Upon returning home from our recent wedding in Italy, our guests, like us, probably felt the bump of landing in several places – the legs and spine (from airplane travel) and the wallet (from the careless assumption that a euro is only worth a little more than a dollar). We also felt that bump in our gut – no, not the one gained from vacation over-consumption, though we now jiggle unintentionally in several new areas – but the corporeal shock brought on by the sudden lack of carbohydrate-heavy foodstuffs delivered at least twice daily and washed down with liters of wine.
Our livers are probably grateful that the recent, heady days of a personal pizza for lunch, and a pasta primi and meat secondi with potato contorni in the evening are over, but we find ourselves missing those regular hits of starch, and the challenge of trying to figure out just what kind of pasta we were ordering.
Many linguistic officianados may mock those of us who struggle with even the most basic of restaurant Italian but we’re sure that our wedding guests, as we did, learned a great deal more Italian than they knew before just from negotiating two menus a day for a week. Unfortunately, however useful it is knowing that senza gas and naturale refer to still mineral water, it pales into insignificance compared to the sophisticated and nuanced ability to identify the shape of the pasta on offer.

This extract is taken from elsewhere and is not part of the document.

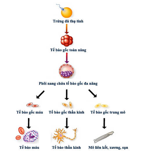 Cơ thể chúng ta có đến hơn 200 loại tế bào khác nhau thực hiện các chức năng cụ thể, ví dụ như tế bào da, tế bào cơ, tế bào máu, tế bào thần kinh… Tất cả những loại tế bào này đều hình thành từ một vốn tế bào gốc ở giai đoạn phát triển sớm nhất của phôi.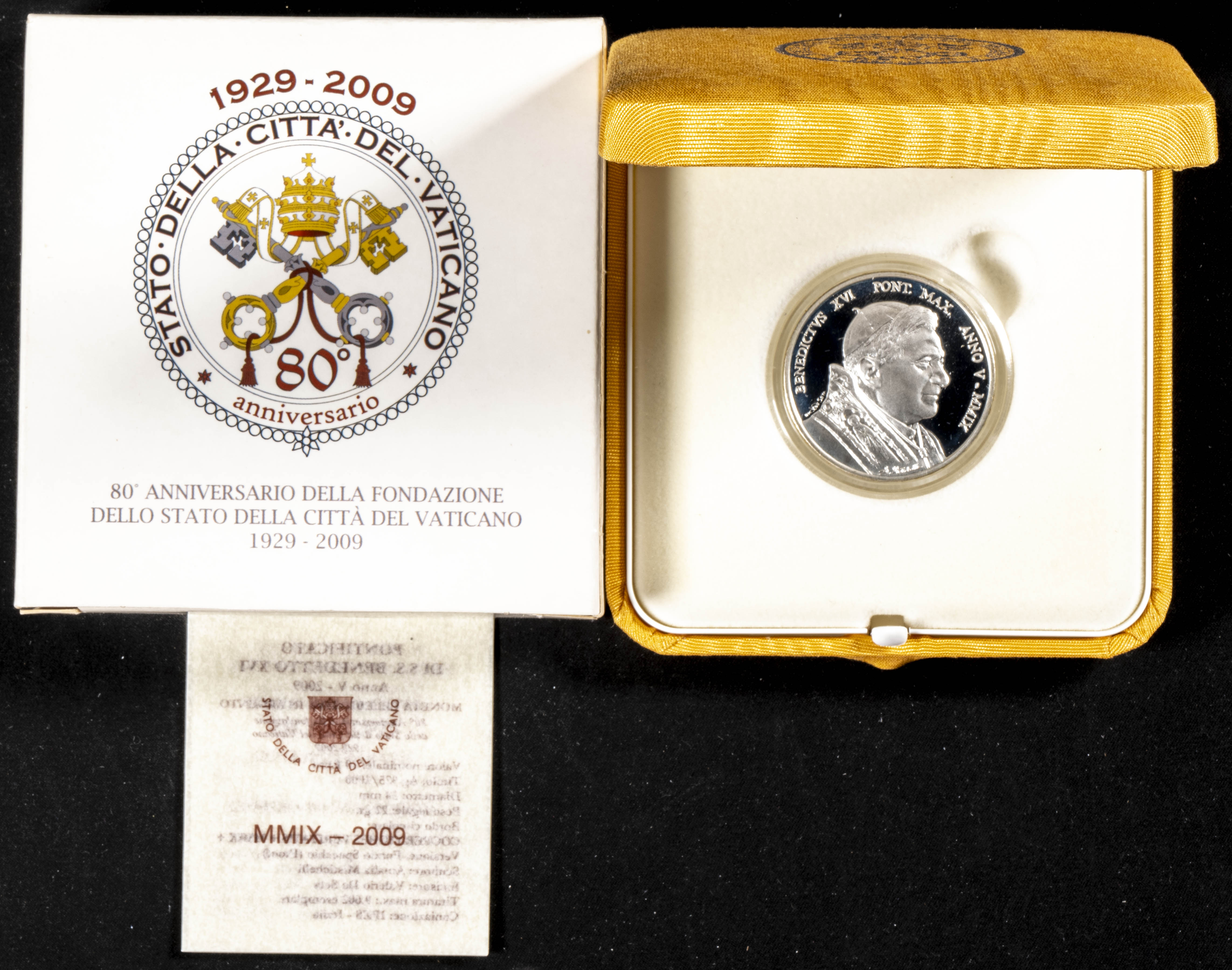 VATICANO. 10 Euros (Ar. 22,00g/34mm). 2009. Benedicto XVI. 80 Aniversario de la Fundación de la Ciudad del Vaticano. PROOF. Incluye estuche original y certificado de autenticidad. Escasa.

Do not feel downcast though, if you were surprised when your food came, as we learn from Heat – Bill Buford’s humorous account of a novice cook’s experiences in several famous Italian restaurants – so creative and impish are Italian pasta-makers in playing with the form of their dough that many natives do not always know exactly what it is they’re getting.
Over the course of a three week trip, we had exactly zero disappointing meals, even when forced to eat at highway service stations (AutoGrill), and in spite of frequently ordering things completely blindly due to inadequacies of our dictionary. That said, it would have been nice in some cases to have had a better idea of what to expect so our levels of anticipation could have been higher, and it is with this in mind that we very humbly (since this would have been a lot more useful to our guests a month ago) offer the following links to a website that removes some of the mystery from Italian menus.
In spite of (or perhaps because of) eating pasta everyday for the best part of a month, we’re reluctant to give it up, and are studiously trying to recreate some of our favorite dishes from our trip at home. Just last night we made an uber-simple but very delicious gemelli with arugula, cherry tomatoes and canned tuna dish we had at a tiny, hole-in-the-wall place in the mountains of Elba. If you’ve been carbo-loading in Italy recently and aren’t ready to give up your pasta fix either, we’d love you to send us recipes for versions of your favorite Italian dishes. They don’t have to be exactly the way they were made when you had them in Italy – that’s probably impossible – your nearest and most delicious approximations will do just fine. Add a comment to this post.
P.S. – our hearty salutations to anyone who’s figured out which of the pictures in this post is tagliatelle and which is tagliolini.